P₀ Glycoprotein Overexpression Causes Congenital Hypomyelination of Peripheral Nerves

^a Department of Neurology and Department of Biological and Technological Research (DIBIT), San Raffaele Scientific Institute, 20132 Milano, Italy
^b First Division of Neurology, University of Torino, 10126 Torino, Italy
^c Department of Neurology, Section of Developmental Neurobiology, University of Wurzburg, Wurzburg, Germany
^d Department of Neurosciences, Lerner Research Institute, Cleveland Clinic Foundation, Cleveland, Ohio 44195
^e Department of Physiology, School of Medicine, University of Wisconsin-Madison, Madison, Wisconsin 53706
^f Waisman Center and Department of Pathobiological Sciences, School of Veterinary Medicine, University of Wisconsin-Madison, Madison, Wisconsin 53705
San Raffaele Scientific Institute, DIBIT, Via Olgettina 58, 20132 Milano, Italy.39-02-2643476739-02-26434870

l.wrabetz{at}hsr.it

We show that normal peripheral nerve myelination depends on strict dosage of the most abundantly expressed myelin gene, myelin protein zero (Mpz). Transgenic mice containing extra copies of Mpz manifested a dose-dependent, dysmyelinating neuropathy, ranging from transient perinatal hypomyelination to arrested myelination and impaired sorting of axons by Schwann cells. Myelination was restored by breeding the transgene into the Mpz-null background, demonstrating that dysmyelination does not result from a structural alteration or Schwann cell-extrinsic effect of the transgenic P₀ glycoprotein. Mpz mRNA overexpression ranged from 30–700%, whereas an increased level of P₀ protein was detected only in nerves of low copy-number animals. Breeding experiments placed the threshold for dysmyelination between 30 and 80% Mpz overexpression. These data reveal new points in nerve development at which Schwann cells are susceptible to increased gene dosage, and suggest a novel basis for hereditary neuropathy.

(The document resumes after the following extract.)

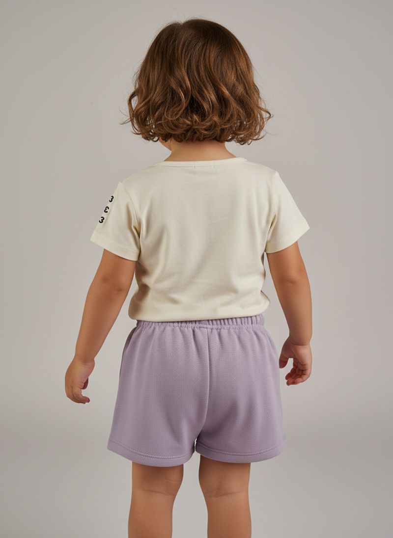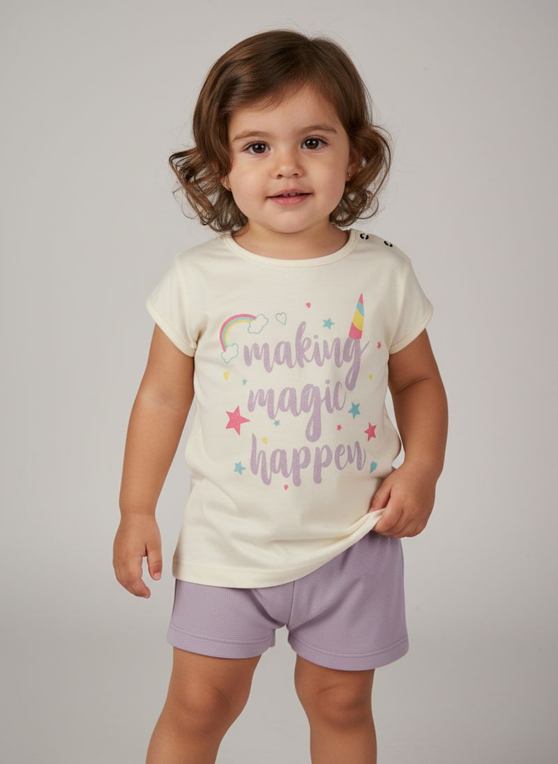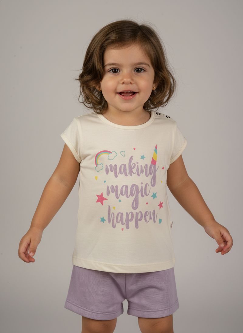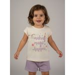 Conjunto Infantil Caedu 'Making Magic Happy' Blusa Off White e Shorts Lilás

Key Words: axon sorting • myelin • neuropathy • Schwann cell • transgene

© 2000 The Rockefeller University Press

Abbreviations used in this paper: ^+/–, heterozygous; CHN, congenital hypomyelination neuropathy; CMAP, compound muscle action potential; CMT1A, Charcot-Marie-Tooth 1A neuropathy; CNS, central nervous system; F80, founder 80; GAPDH, glyceraldehyde-3-phosphate dehydrogenase; MBP, myelin basic protein; Mpz, myelin protein zero gene; NCV, nerve conduction velocity; nt, nucleotide; P, postnatal day; P₀, P₀ glycoprotein; PLP, proteolipid protein; PMP22, peripheral myelin protein 22 kD; RT, reverse transcription; Tg80, transgenic line 80.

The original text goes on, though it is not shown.